Each country has its own tax laws. Nigeria, for instance, adopts the residency principle while some countries apply the source principle in deciding whether a taxpayer will pay tax in that jurisdiction. Hence, if a business is tax resident in Nigeria and generates income or profit in the United States, this could lead to double taxation or double non-taxation. Double taxation arises when a specific income or profits is taxed in two jurisdictions, that is, where the income is earned (the source state) or in the state of residence. On the other hand, double non-taxation occurs when a taxpayer evades tax on the profits or income in the source state and resident state. These issues may reduce the inflow of foreign direct investment and international taxation has created tax treaty as a cure.
A tax treaty is a written agreement between two countries that helps to lessen the risk of double taxation and double non-taxation. Furthermore, a tax treaty shows the category of income, tax treatment, where this income would be taxable (at residence, at source or both) and the timing for taxation. It also provides the Mutual Agreement Procedure (MAP) for settling conflicts arising from the execution of the agreement or in the allocation of taxing rights. Nigeria has tax treaties with fourteen (14) countries. They are Belgium, Canada, China, Czech Republic, France, Italy, the Netherlands, Pakistan, Philippines, Romania, Signapore, Slovakia, South Africa, and the United Kingdom.

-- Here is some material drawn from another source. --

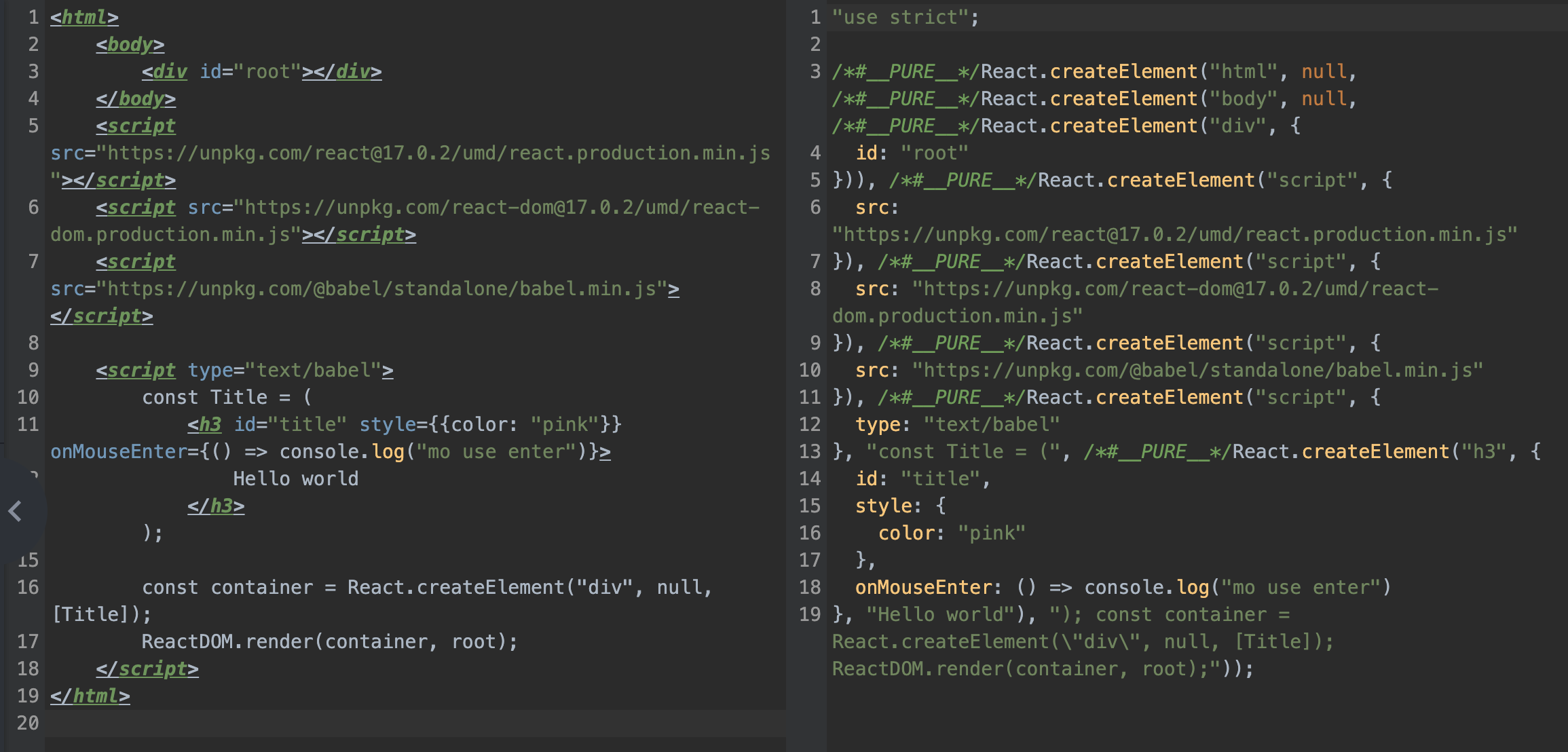 Babel은 위에 링크로 걸어두었던 페이지에서 사용한 코드로 JSX 코드를 바꿔줍니다.

List of countries that have tax treaty with Nigeria
The National Assembly is yet to ratify tax treaties with Kenya, Mauritius, Poland, South Korea, Spain, and Sweden. Under a tax treaty, residents of a contracting state pay tax on certain income at a lower rate. Foreign tax payable by taxpayers in these 14 countries is allowed as a credit against tax payable in Nigeria. If the scope of tax treaty does not cover a particular income, or if a country has no tax treaty with Nigeria, then a taxable person must pay tax at the standard rates and file a Nigerian tax return in line with the prescribed format.